Если им бывало уж очень смешно, отсмеявшись, они спохватывались. Улыбка смеха сменялась улыбкой вежливости — подчиненная жизнь лица, — ко мне поворачивались. Та, невольная улыбка сходила еще не сразу, память о смехе тихо таяла в глазах, и в них отражался я, мое наличие. Их лица приобретали чрезвычайно умное и углубленное выражение, как в разговоре с иностранцами на плохом языке, когда, чем глупее разговор, тем значительнее интонация, а киваний и поддакиваний не сдержать никакими силами… После таких разговоров ноют мускулы лица и шеи от непривычной, неестественной работы.

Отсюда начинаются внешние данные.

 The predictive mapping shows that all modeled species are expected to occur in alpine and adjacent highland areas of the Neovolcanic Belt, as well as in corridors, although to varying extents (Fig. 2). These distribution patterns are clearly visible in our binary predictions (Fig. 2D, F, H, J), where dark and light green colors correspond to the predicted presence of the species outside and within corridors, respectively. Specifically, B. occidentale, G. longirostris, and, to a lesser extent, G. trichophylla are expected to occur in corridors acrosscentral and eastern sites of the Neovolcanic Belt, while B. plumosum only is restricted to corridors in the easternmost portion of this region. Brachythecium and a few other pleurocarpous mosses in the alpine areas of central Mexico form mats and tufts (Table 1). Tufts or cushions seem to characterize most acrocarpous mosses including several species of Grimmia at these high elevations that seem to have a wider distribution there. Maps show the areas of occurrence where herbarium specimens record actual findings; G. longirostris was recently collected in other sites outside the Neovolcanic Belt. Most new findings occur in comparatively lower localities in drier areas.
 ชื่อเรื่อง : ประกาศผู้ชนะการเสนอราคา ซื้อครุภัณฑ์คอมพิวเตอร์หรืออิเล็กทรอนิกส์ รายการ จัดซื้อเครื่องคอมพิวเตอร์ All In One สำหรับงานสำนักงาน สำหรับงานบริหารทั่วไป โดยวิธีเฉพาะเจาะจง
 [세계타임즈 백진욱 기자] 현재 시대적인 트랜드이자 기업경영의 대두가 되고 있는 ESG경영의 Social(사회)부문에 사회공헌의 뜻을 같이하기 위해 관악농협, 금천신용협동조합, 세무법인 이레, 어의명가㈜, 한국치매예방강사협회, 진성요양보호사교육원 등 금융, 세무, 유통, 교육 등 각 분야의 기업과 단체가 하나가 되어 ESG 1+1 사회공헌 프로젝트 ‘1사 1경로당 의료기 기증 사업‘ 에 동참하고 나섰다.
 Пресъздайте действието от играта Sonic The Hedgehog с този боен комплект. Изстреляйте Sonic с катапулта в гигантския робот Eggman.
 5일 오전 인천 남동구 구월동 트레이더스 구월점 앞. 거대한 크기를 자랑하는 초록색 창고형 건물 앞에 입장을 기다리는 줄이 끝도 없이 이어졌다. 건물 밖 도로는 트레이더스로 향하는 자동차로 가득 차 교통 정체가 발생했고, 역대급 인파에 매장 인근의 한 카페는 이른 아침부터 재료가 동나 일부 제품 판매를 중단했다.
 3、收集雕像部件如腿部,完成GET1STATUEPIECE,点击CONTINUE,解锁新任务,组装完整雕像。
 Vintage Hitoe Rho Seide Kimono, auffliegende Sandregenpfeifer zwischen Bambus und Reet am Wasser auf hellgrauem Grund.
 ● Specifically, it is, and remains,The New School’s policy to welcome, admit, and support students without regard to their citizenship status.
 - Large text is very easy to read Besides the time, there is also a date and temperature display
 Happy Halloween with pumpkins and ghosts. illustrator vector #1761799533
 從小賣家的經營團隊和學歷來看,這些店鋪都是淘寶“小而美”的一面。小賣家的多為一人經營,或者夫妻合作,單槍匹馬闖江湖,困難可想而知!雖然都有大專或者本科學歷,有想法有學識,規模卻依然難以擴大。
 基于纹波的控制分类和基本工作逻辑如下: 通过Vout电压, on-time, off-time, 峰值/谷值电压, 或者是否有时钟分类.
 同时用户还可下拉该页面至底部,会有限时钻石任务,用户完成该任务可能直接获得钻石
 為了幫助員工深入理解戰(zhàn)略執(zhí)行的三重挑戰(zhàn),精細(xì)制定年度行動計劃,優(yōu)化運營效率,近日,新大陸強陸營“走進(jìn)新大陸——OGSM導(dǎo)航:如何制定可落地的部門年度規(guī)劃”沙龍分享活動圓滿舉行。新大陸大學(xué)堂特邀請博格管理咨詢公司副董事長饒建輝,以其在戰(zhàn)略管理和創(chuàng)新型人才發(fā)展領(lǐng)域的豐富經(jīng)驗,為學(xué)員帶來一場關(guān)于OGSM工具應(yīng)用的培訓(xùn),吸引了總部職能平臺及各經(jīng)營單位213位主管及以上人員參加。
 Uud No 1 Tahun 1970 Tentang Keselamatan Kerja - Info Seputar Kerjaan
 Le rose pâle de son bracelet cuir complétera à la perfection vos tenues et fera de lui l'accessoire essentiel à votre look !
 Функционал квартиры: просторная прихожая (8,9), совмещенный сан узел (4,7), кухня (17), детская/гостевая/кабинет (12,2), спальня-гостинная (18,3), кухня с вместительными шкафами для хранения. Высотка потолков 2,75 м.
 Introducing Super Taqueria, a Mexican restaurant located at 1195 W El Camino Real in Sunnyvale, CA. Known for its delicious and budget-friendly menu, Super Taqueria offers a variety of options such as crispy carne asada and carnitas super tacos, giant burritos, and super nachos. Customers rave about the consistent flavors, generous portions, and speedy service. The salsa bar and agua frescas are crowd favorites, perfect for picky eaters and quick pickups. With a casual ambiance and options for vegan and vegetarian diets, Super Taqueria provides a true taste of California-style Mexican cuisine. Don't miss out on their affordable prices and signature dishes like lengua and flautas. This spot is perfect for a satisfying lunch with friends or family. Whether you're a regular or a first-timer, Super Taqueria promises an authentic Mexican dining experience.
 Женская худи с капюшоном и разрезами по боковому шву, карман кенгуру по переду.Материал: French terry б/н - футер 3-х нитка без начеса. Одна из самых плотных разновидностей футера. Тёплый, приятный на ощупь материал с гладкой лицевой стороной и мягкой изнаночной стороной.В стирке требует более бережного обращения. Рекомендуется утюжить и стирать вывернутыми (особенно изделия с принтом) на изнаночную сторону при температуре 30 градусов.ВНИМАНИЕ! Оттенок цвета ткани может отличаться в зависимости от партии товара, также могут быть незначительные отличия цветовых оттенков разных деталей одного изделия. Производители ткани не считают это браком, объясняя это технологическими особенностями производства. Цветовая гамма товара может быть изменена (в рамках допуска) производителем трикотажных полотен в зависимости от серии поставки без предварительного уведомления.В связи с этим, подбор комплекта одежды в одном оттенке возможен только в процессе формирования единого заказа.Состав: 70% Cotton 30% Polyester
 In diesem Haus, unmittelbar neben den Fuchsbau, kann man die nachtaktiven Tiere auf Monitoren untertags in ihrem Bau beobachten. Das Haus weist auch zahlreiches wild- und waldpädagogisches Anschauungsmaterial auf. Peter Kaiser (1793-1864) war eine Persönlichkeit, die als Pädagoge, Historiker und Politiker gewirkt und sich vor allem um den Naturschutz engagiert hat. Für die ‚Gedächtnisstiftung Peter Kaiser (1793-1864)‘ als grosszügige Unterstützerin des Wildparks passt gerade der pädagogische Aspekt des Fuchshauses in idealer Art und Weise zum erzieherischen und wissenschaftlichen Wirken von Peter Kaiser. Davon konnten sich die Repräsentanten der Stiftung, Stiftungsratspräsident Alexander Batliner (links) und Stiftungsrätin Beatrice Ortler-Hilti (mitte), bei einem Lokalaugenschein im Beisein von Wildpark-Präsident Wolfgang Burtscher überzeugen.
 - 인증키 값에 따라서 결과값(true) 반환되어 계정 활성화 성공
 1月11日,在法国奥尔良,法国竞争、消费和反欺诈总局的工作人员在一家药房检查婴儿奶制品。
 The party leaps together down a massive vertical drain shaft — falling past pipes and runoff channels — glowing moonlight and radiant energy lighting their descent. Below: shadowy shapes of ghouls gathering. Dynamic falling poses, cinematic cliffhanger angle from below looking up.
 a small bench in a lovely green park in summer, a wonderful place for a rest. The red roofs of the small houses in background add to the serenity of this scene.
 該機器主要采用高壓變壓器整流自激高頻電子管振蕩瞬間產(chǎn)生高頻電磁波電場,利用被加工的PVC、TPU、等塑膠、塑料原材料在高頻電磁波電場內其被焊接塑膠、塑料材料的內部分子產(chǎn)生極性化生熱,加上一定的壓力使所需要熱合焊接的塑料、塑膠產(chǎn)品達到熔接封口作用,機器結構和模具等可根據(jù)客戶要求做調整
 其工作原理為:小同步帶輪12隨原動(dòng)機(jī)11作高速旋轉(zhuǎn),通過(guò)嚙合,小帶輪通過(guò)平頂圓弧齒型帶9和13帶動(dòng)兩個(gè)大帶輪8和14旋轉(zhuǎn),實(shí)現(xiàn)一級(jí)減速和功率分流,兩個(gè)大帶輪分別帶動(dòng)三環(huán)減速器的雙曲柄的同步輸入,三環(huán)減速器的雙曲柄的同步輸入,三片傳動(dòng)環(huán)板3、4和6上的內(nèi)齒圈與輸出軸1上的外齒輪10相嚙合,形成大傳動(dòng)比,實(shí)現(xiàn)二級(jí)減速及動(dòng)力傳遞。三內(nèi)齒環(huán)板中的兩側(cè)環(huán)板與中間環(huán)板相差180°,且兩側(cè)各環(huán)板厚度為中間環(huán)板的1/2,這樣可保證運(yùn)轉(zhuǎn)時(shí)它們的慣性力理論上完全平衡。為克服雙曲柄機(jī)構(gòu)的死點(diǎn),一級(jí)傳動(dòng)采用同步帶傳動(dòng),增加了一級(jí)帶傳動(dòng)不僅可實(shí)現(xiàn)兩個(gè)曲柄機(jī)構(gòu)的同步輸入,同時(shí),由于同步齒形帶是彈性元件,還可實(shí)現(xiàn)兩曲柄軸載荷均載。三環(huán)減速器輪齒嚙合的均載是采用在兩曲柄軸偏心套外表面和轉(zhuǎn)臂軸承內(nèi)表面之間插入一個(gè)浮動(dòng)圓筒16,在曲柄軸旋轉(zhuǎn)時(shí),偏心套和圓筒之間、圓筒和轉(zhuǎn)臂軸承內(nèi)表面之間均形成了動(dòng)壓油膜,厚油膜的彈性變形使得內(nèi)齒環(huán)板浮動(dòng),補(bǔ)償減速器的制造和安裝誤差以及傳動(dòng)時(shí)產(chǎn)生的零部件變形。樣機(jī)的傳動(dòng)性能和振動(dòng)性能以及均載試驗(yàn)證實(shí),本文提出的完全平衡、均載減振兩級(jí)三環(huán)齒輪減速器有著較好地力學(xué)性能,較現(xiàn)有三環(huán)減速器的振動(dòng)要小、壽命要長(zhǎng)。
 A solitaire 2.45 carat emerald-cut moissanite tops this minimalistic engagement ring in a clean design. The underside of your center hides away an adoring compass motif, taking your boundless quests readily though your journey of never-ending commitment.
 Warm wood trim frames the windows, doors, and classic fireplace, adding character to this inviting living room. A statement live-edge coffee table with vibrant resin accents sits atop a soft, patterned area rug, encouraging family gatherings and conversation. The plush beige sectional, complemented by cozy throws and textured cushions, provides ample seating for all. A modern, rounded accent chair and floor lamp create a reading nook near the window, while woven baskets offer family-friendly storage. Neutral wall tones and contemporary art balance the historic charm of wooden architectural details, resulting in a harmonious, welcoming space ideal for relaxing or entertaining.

Только на родном языке можно петь, писать стихи, признаваться в любви… На чужом языке, даже при отличном его знании, можно лишь преподавать язык, разговаривать о политике и заказывать котлету. Один язык у человека — два языка не покажешь.

Чуть ли не так, что чем тоньше и талантливей поэтическое и живое знание родного языка, тем безнадежней знание чужого, и разрыв невосполним. Как остроумен мой друг, по-русски мрачный, почти унылый человек… Каждая его фраза по-армянски встречается таким радостным, неподвластным смехом… «Ах, как жаль, что ты не понимаешь его армянский!» Как жаль… Вот еще и кроме армянского существует его армянский! Но ведь и кроме их русского существует в нашем русском и мой русский…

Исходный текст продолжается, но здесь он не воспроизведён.